If you're a newcomer to backpacking, it's a ood idea before buying your outfit to read a couple of the paperbacks on the subject that are to be found wherever camping equipment is sold. Seek advice from friends and co-workers. Be prepared to spend money, because all the good equipment, and much of the rest, costs too much.
But the single, central principle of selecting outdoor gear is:
If it isn't too big, it's too little.
That is to say:
* Clothing. If you normally wear a Medium, get a Large or even an Extra Large, because you're going to be wearing lots of layers, and if your clothing binds, it loses most of its warmth and nearly all of its charm. If the coat or vest you're looking at is foreign-made (and most of them are, anymore), be careful, because what they regard as Really Big in Taiwan may translate into no more than Medium in American.

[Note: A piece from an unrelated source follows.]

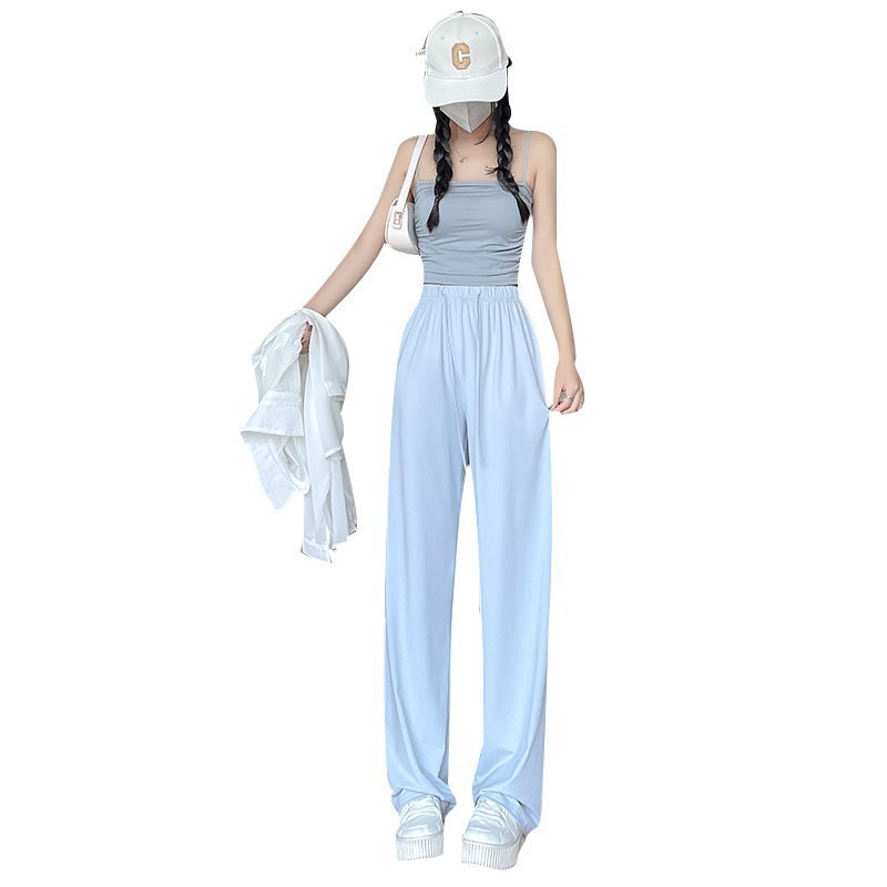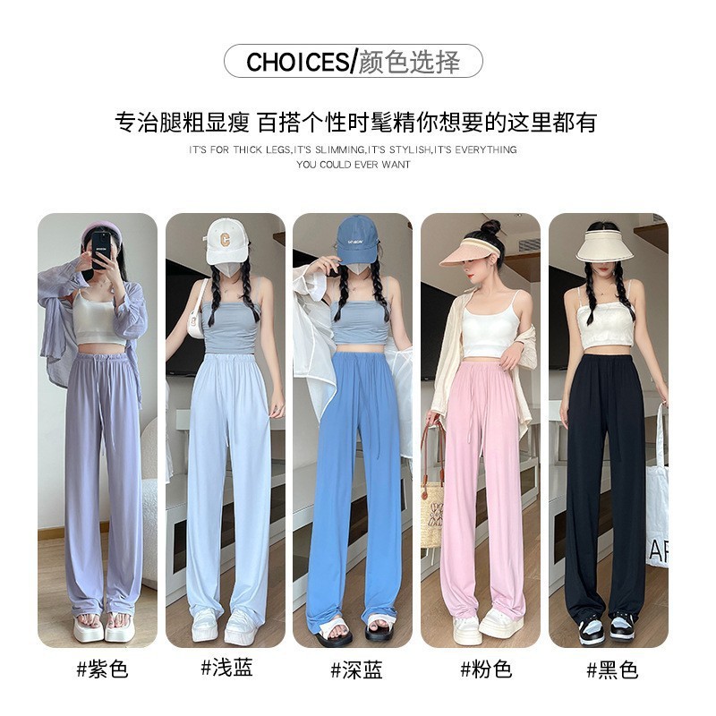 锦纶防晒裤女裤夏天女裤子新款垂感直筒休闲裤女装冰丝阔腿裤
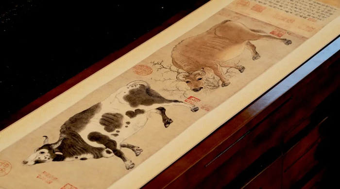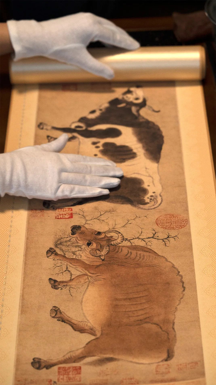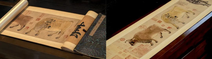 为了更好地保护画作,两组《五牛图》复刻画作均特地采用了丝绢装裱。

* Sleeping bags. Nothing has yet been invented that's as light and warm as a great big top-quality down sleeping bag, but you can't afford it, and anyway you're in trouble if down gets wet because then it loses all its warmth, so forget it. Buy the biggest, cheapest down bag you can find and slip it over another, good-quality sleeping bag insulated with an artificial fiber such as Holofill II, which will keep you fairly warm even when it's mighty wet. This double-bagging gets you the best of both worlds, and both bags will go into a normal-size stuffbag if you stuff hard enough. While it means you'll be packing a couple of extra pounds, you'll be snug and smug as you lie there listening to your tentmate whimper with the cold.
Remember, get big bags, because you'll want to keep your outer clothing and a water bottle and other stuff in there with you; a bag that seems big enough for two in the store won't be a bit too big for one in the woods. While you're at it, get the longest and widest of the closed-cell foam sleeping pads.
* Tents. A so-called one-man tent is barely adequate for a medium-sized dog, and a two-man tent will give you less than enough room to swing a cat. A four-man tent, which will weigh at most a couple of pounds more, will decently accommodate two people, or possibly two adults and a well-behaved child. Also, it will allow you to get your gear under cover and still leave room to eat inside, which in a cold rain can make the difference between moderate inconvenience and utter misery.
An external-frame model is often more convenient, but the pole-and-guyline models generally offer more headroom, which grows more important the longer you spend inside. But throw away those crummy metal tent pegs and buy the big plastic ones, which are virtually indestructible.
* Finally. While thinking big is critical in terms of clothes and equipment, think small when planning trips. In winter, figure on taking twice as long to go half as far, and pitch camp in midafternoon, because it will be dark before you know it. You may be ready to hit the sack by six o'clock, and to stay there till the clock says six again.